The white book also introduced formulas, data frames, etc, and in some cases also the idea that some S objects could be particular cases of a given class, and in that sense extend that class. Examples, in R, too, have been multivariate time series ("mts") extending (simple) time series ("ts"), or multivariate or generalized linear models ("mlm" or "glm") extending normal linear models "lm".

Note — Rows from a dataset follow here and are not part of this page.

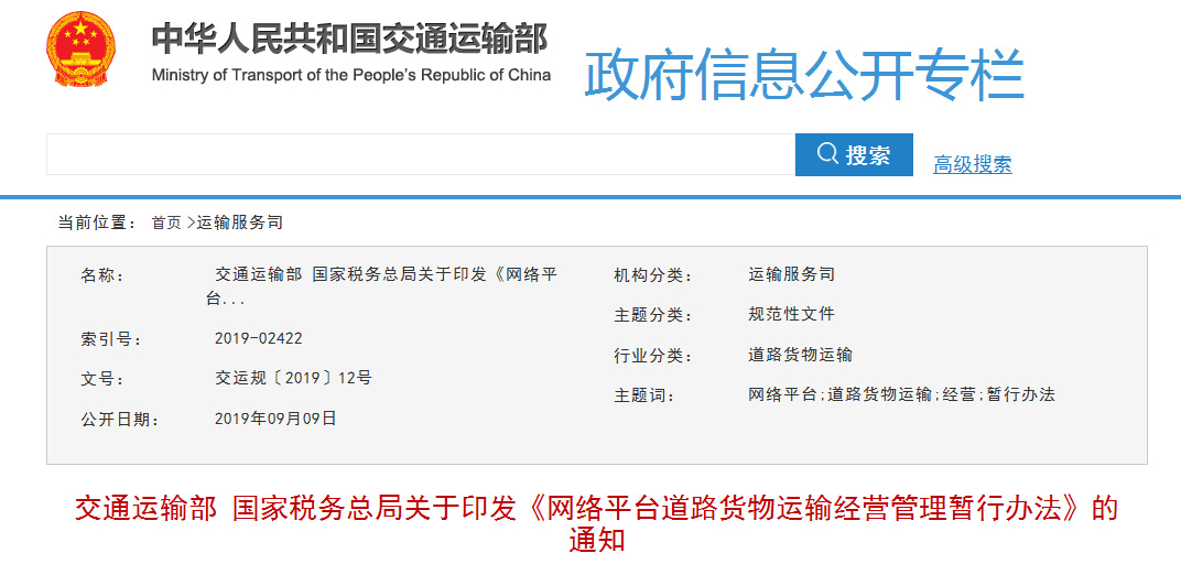 自2020年1月1日起将开始施行 《网络平台道路货物运输经营管理暂行办法》
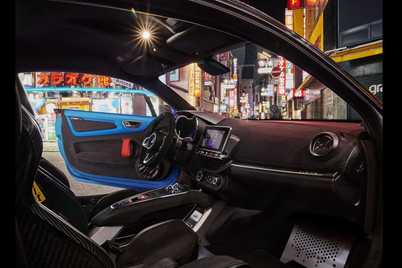 Das Interieur der Alpine A110 R inklusive Lenkrad und Sitzschalen ist komplett mit Mikrofasergewebe ausgekleidet. Anstelle der üblichen Griffe finden sich als Anleihe aus der Welt des Motorsports rote Riemen zum Schließen der Türen. Eine Plakette an der Mittelkonsole weist auf den exklusiven Charakter des Modells hin. Die Serienausstattung umfasst unter anderem das On-Board-Telemetriesystem „Alpine Telemetrics“, das Ladedruck, Getriebetemperatur, Beschleunigungswerte, Drehmoment, Leistung, Lenkwinkel und andere technische Daten in Echtzeit anzeigt. Der integrierte Chronograph lässt sich zum Messen und Aufzeichnen von Rundenzeiten auf der Rennstrecke verwenden.
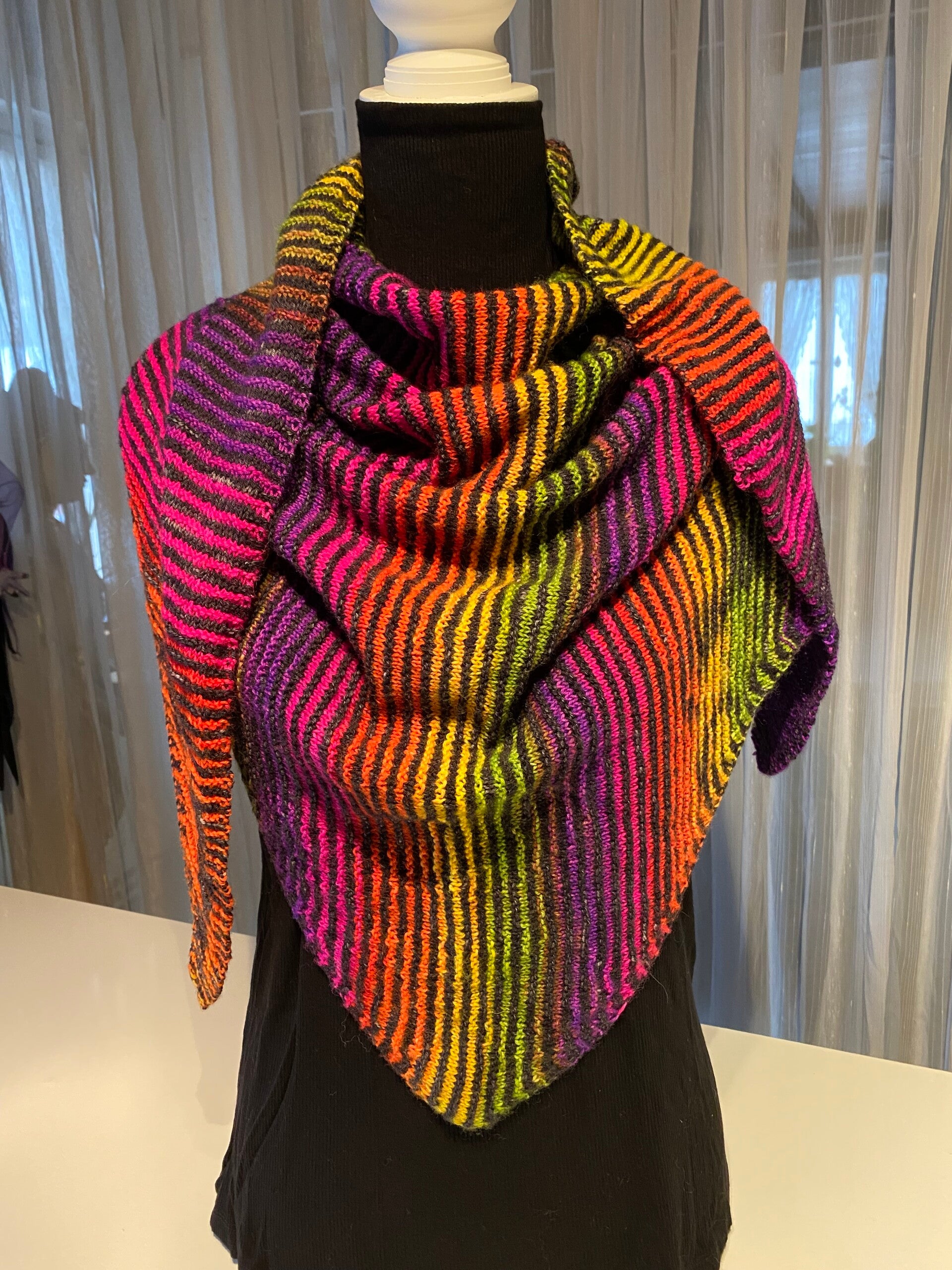 Gestrickter Dreieckschal Neon gestreift
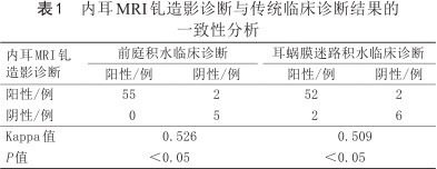 内耳MRI钆造影诊断与传统临床诊断结果的一致性分析
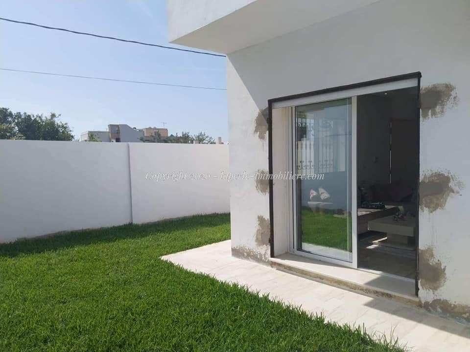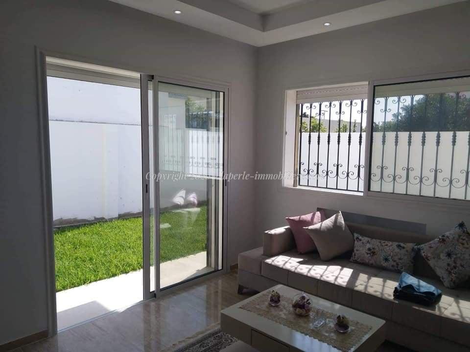 A vendre chez notre agence la Perle immobilière Hammamet villa avec jardin nouvellement construite à Hammamet pas loin de la plage hôtel omar khayem , elle fait 190 m² de terrain dont 150 m² couvert.
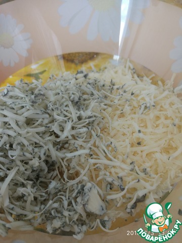- Сыр твердый (у меня были остатки пармезана и дор блю, но можно взять любой сыр по вкусу) — 100 г
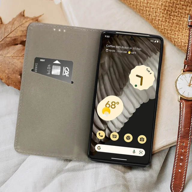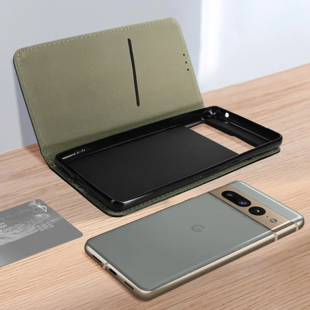 Crna torbica denarnica za Google Pixel 7 Pro z magnetnim preklopom in držalom za kartico
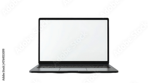laptop, blank, white, screen, centered, black, background, studio, shot, technology, computer, device, portable, electronic, keyboard, display, modern, design, minimalist, workspace, digital, isolated, empty, presentation, contraption, closeup, view, object, work, space, mock
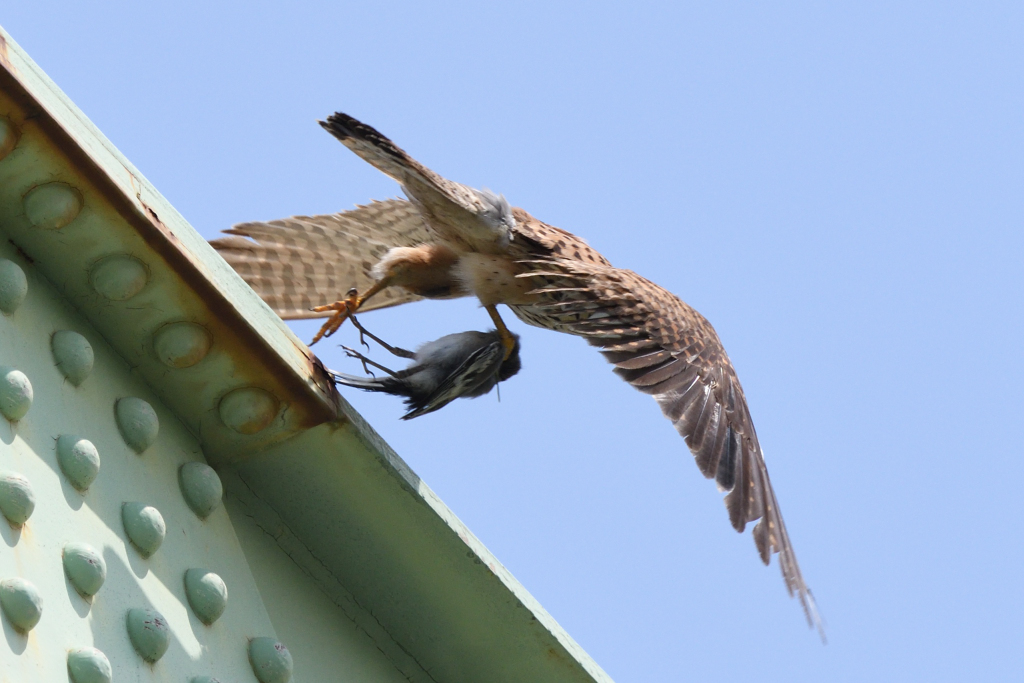 犠牲鳥はハクセキレイの幼鳥かな。食物連鎖とは非情なり…
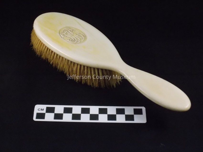 Ivory hairbrush monogrammed in fancy script inside oval "HLJ". Off white bristles. "HLJ" refers to Harriet Lane Johnston.
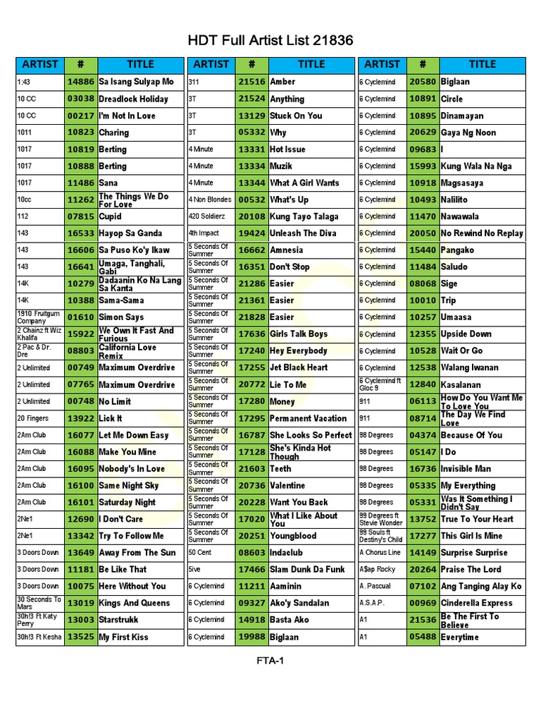Hdt Full Artist List 21836 P Hyundai Karaoke Artist Songlist Entertainment General

The “Workaround”: class(.)[1]

So, some more experienced and careful programmers have been replacing class(x) by class(x)[1] (or class(x)[1L]) in such comparisons, e.g., in a good and widely lauded useR! 2018 talk.
In some cases, this is good enough, and it is also what R’s data.class(.) function does (among other), or the (user hidden) methods:::.class1(.).

However, programmeRs should be aware that this is just a workaround and leads to their working incorrectly in cases where typical S3 inheritance is used: In some situtation it is very natural to slightly modify or extend a function fitme() whose result is of class "fitme", typically by writing fitmeMore(), say, whose value would be of class c("fMore", "fitme") such that almost all “fitme” methods would continue to work, but the author of fitmeMore() would additionally provide a print() method, i.e., provide method function print.fMore().

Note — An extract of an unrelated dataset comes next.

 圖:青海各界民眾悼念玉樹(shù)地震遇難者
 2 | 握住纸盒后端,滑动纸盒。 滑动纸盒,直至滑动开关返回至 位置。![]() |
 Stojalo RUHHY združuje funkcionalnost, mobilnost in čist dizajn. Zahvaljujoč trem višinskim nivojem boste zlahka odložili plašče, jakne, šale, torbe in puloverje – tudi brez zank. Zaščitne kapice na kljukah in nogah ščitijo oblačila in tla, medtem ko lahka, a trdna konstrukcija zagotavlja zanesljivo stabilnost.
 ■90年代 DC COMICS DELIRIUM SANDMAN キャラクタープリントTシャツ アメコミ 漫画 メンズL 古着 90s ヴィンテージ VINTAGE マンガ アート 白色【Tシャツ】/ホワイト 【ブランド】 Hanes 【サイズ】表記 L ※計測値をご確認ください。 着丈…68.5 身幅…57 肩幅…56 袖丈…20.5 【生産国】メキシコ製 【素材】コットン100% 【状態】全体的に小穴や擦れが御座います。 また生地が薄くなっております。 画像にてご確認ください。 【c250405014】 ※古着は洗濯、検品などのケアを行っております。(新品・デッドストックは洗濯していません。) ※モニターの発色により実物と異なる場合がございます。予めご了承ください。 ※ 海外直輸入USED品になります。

But if other users work with class(.)[1] and have provided code for the case class(.)[1] == "fitme" that code would wrongly not apply to the new "fMore" objects.
The only correct solution is to work with inherits(., "fitme") as that would apply to all objects it should.

In a much depended on CRAN package, the following line (slightly obfuscated) which should efficiently determine list entries of a certain class

isC <- vapply(args, class, "") == "__my_class__"

was found (and notified to the package maintainer) to need correction to

isC <- vapply(args, inherits, TRUE, what = "__my_class__")

Summary:

Instead class(x) == "foo", you should use inherits(x, "foo")
    or maybe alternatively is(x, "foo")

Corollary:

switch(class(x)[1],
       "class_1" = { ..... },
       "class_2" = { ..... },
       .......,
       .......,
       "class_10" = { ..... },
       stop(" ... invalid class:", class(x)))

may look clean, but is is almost always not good enough, as it is (typically) wrong, e.g., when class(x) is c("class_7", "class_2").

References

  • R Core Team (2019). R Help pages:

  • Becker, R. A., Chambers, J. M. and Wilks, A. R. (1988) The New S Language (the blue book, introducing S version 2 (S2)); Wadsworth & Brooks/Cole.

  • Chambers, J. M. and Hastie, T. J. eds (1992) Statistical Models in S (the white book, introducing S version 3 (S3); Chapman & Hall, London.

  • Chambers, John M. (1998) Programming with Data (the green book, for S4 original); Springer.

  • Chambers, John M. (2008) Software for Data Analysis: Programming with R (S4 etc for R); Springer.